‘Dodging The Bullet’


For this enlightening snippet I return to the ‘M. V. Border Shepherd,’ and Kobe Japan.  You may remember that in my previous soliloquy I explained how during my six on, six off shifts, I was responsible for discharging cargo.  Well it was during one such shift (twelve mid-night until six am) that the following ill-fated incident conspired.

The third engineer, who happened to be a Kiwi, and because he was the only representative from that archipelago on board, was perhaps not surprisingly called Kiwi.  He was a small, early middle aged, friendly looking man with a pacifying penchant for his brier pipe, which could rarely be seen anywhere but suspended from the corner of his mouth.  So much so that the lower corner of his mouth sagged engagingly from the perpetual strain.
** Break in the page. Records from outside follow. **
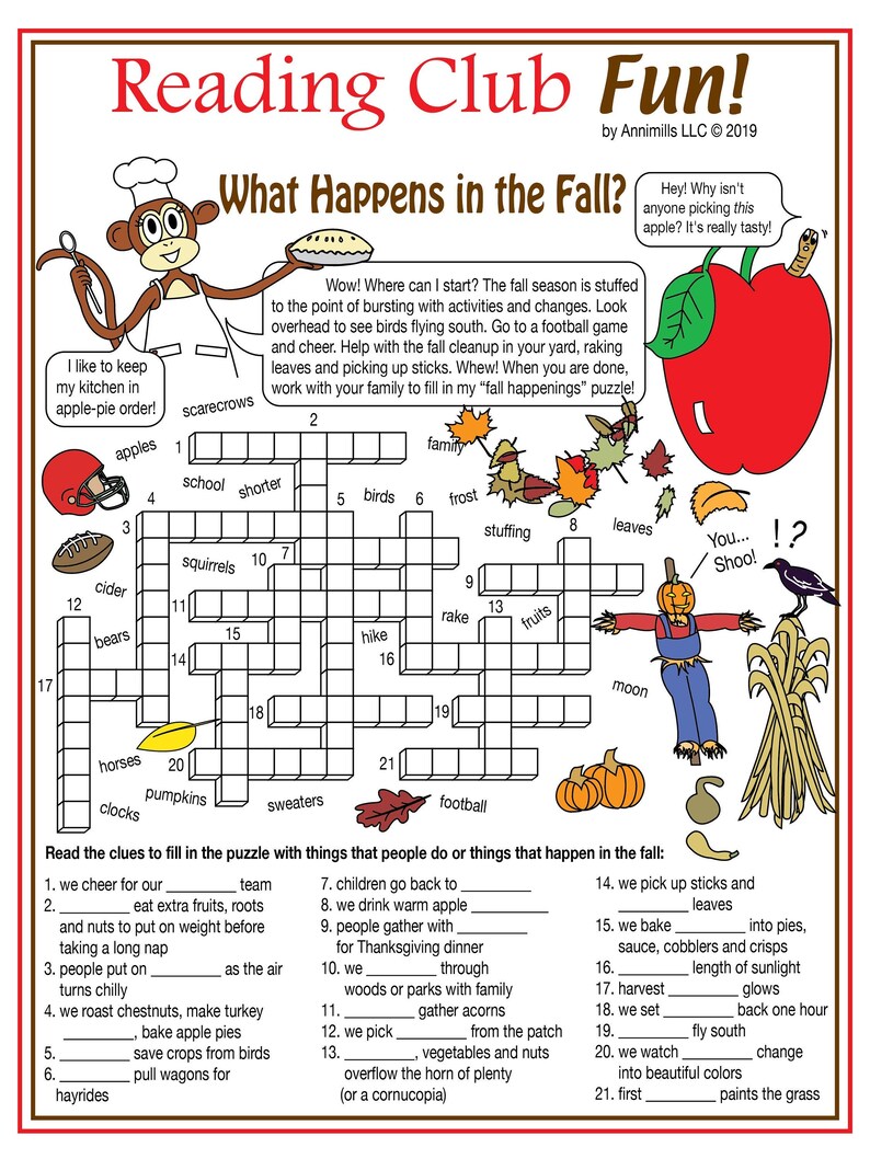 What Happens in the Fall? Printable Crossword Puzzle Etsy
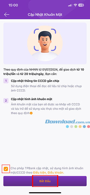 Bước 2: Cho phép TPBank cập nhật, sử dụng hình ảnh khuôn mặt/CCCD và nhấn Bắt đầu.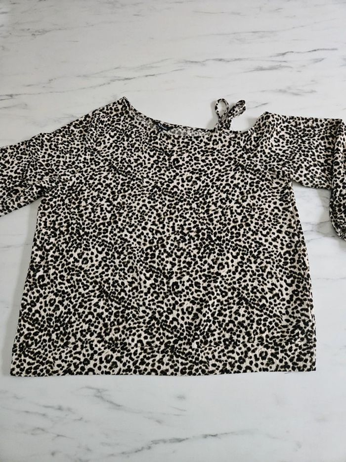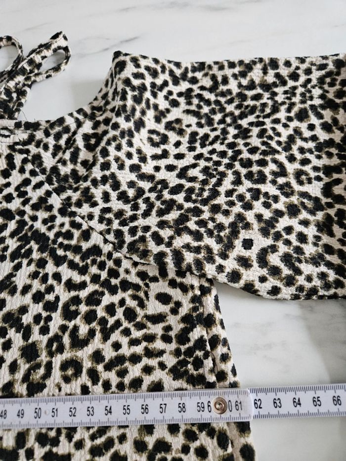 Blouse Imprimée léopard avec une épaule nue. Matière un peu crépon. Elle est en état impeccable et les dimensions se trouvent sur les photos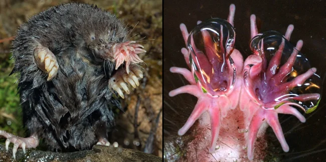 Слева — сам крот-звездонос. Справа — то, как его нос работает под водой.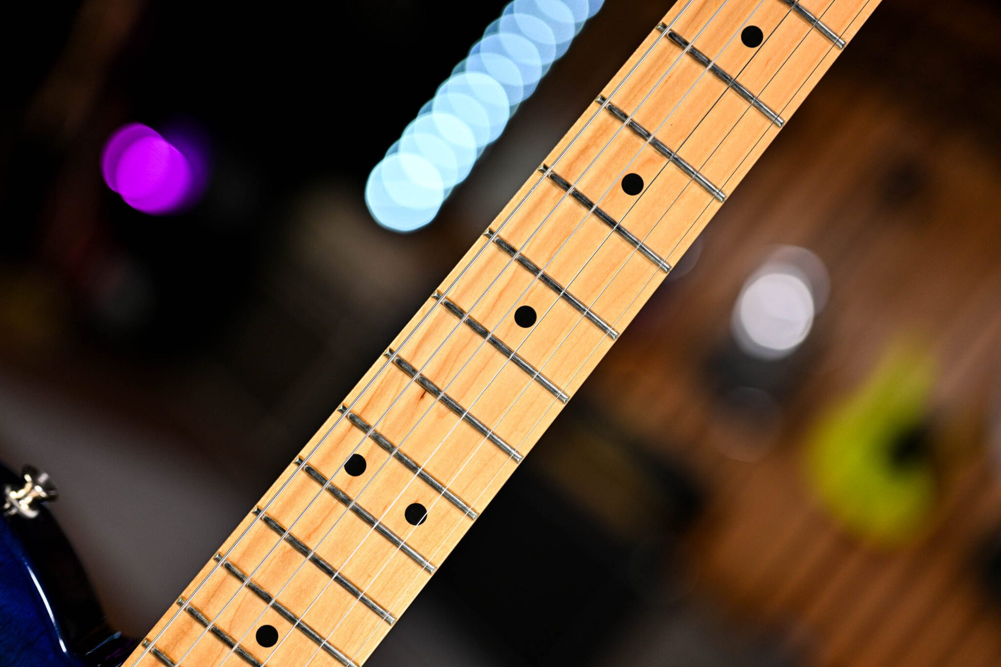 With all the hallmarks of a classic Tele, plenty of bite and sustain and distinctive tonality allowing the player’s character to shine through the mix. Featuring contemporary and time-honoured historical features like the spaghetti logo, Fender vintage spec single coil pickups, 9.5” fretboard, string through body design and comfortable “C” shape neck and of course that stunning top!

It must have been around two am; unable to sleep, Kiwi had joined me just off the main deck while I was partaking of my first smoko of the shift.  Deep in conversation, probably about Harpic’s lustful love affair; startled we simultaneously looked towards the door of the cabin.  An apparition, the most beautiful creature I had ever set my eyes on in my entire life.  Stunned, we both looked back at each other in disbelief, and then back at this vision of loveliness.  Even today my breath labours as I recall that first glimpse; small of figure, but perfectly formed, and those wide crescent-moon eyes, pools of youthful virtuousness.  Only she was not virtuous, she was there to ply her trade, but she should not have been there.  Strictly speaking it was my responsibility to escort her off of the ship.  Again Kiwi and I looked questioningly at each other, a suggestive bead of saliva escaping his drooping lower lip.  He was almost daring me to exercise my authority, for although he was a third engineer, and I a mere cadet; I had control of the deck.  But how could I, for at that moment I think I was coming down with Harpic syndrome.
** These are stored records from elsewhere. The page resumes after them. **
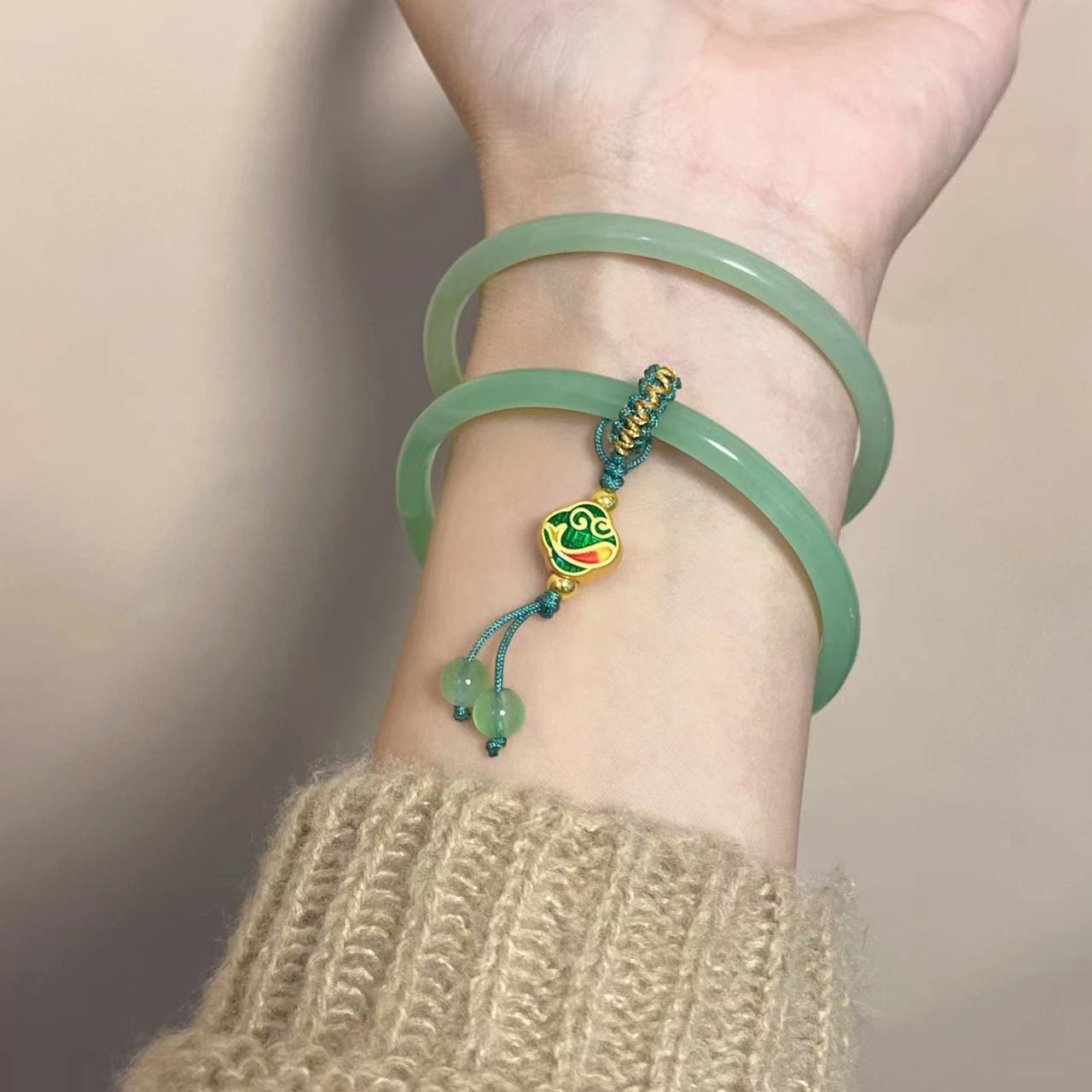 One-Step-At-A-Time Glass Imitation Jade Jingle Bracelet Peach Blossom Stuffed Ancient Style Accessories Limited Edition Xiaohongshu Best Friend Matching Bracelet for Women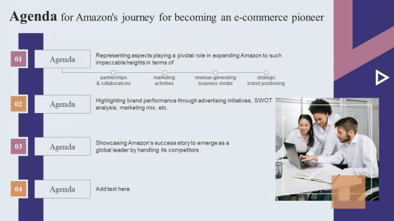 Find a pre-designed and impeccable Agenda For Amazons Journey For Becoming An E Commerce Pioneer Ideas PDF The templates can ace your presentation without additional effort. You can download these easy-to-edit presentation templates to make your presentation stand out from others. So, what are you waiting for Download the template from Slidegeeks today and give a unique touch to your presentation. Our Agenda For Amazons Journey For Becoming An E Commerce Pioneer Ideas PDF are topically designed to provide an attractive backdrop to any subject. Use them to look like a presentation pro.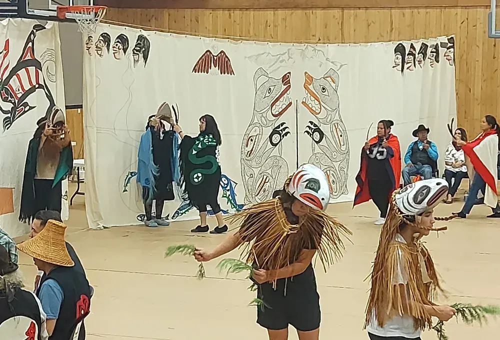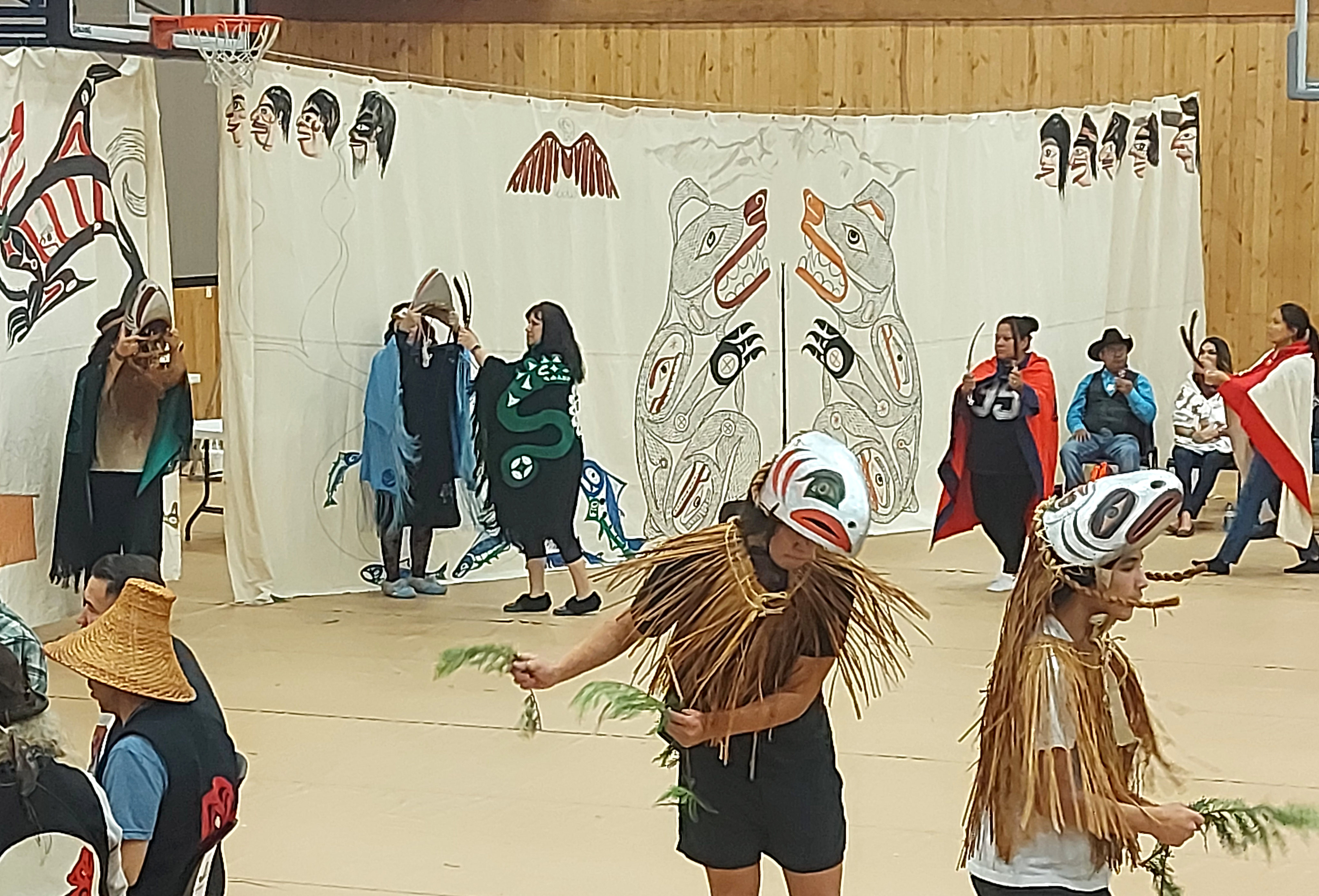 Hundreds came to the Alberni Athletic Hall on Nov. 1 and 2 for the potlatch held to celebrate migratory salmon. Hosted by Hupacasath Ha’wilth Tsu Tsii In, Alton Watts, and Hesquiaht elder and artist Aniičačist, Tim Paul, the gathering was held to display a “commitment to the health of migratory wild salmon in the face of continued threats from open net pen fish farms.” The potlatch brought together chiefs from across Vancouver Island and as far south as the Winnemem Wintu Tribe from California, where leaders signed a declaration “on wild salmon and the economic and cultural health of B.C.’s coastal communities”.

Not a word of English did she, nor could she utter, but the message was clear.  We would have to barter for her favours.  One thousand yen, (£1.00) was the first bid from the salivating Kiwi, even his pipe seemed to have perked up?  How far will he go, I thought as I entered the bidding at two thousand yen.  The object of our rivalry glanced back at Kiwi, who quickly countered with three thousand yen.  Even in nineteen sixty-five a third engineer must have been on at least four hundred pounds a month, whereas I a poor cadet was allotted a meager thirty-two.  Four thousand I retorted, beads of sweat betraying my veracity.  Five thousand drooled Kiwi.  My mind quickly totaled my indebtedness to the ships bonded stores, and reluctantly I conceded defeat.
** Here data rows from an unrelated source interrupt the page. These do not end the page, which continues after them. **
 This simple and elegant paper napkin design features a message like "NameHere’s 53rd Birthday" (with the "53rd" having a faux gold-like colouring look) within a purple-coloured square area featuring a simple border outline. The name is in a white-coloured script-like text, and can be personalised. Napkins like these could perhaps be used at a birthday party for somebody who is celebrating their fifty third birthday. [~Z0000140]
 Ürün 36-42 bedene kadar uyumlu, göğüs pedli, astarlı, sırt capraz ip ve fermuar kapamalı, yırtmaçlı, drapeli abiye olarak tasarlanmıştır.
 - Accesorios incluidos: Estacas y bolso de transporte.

Kiwi’s cabin was situated not thirty feet from my deck-watch cabin.  Now for those of you that may not be familiar with ship design.  In the bottom of each cabin door there is a mesh flood panel.  I may not have won the contest, but I was going to bear witness to its endeavors, and it was from here I secretly viewed the lascivious display. No I will not go into a blow-by-blow account of the proceedings.  Suffice to say that they did not make it to the bunk.  Coming from down under, it may be that perhaps Kiwi preferred the backward approach?  But one thing I can tell you is that the pipe never left his mouth.

Nine to ninety days they used to say, depending on the affliction.  And in Kiwi’s case nine days was about right.  Yes, you’ve guessed it a dose?  No it hurts me just to say the word, but it rhymes with:  Gondolier?  Not exactly a life threatening condition, but what you must remember that on board a merchant ship, there is no doctor, and not even the purser is qualified to administer injections.  Sure a course of penicillin tablets will cure the malady, but first, (turn away now you of a faint heart) the mucus must be expelled.  First a miniature cocktail stick like umbrella is inserted as far as achievable in the eye of the afflicted appendage.  Then extended and withdrawn, this may have to be repeated several times, need I go on?  Not that I was witness to this procedure, but I figured his pipe would have been a handy implement to grind his teeth on.  As for me, as my title suggests, I did dodge a fairly nasty bullet.

There is a moral to this story:  ‘There but for the grace of god go I,’ or ‘money can buy you everything.’


One Response to “‘Dodging The Bullet’”

  1. Dodged that one certainly. Ouch.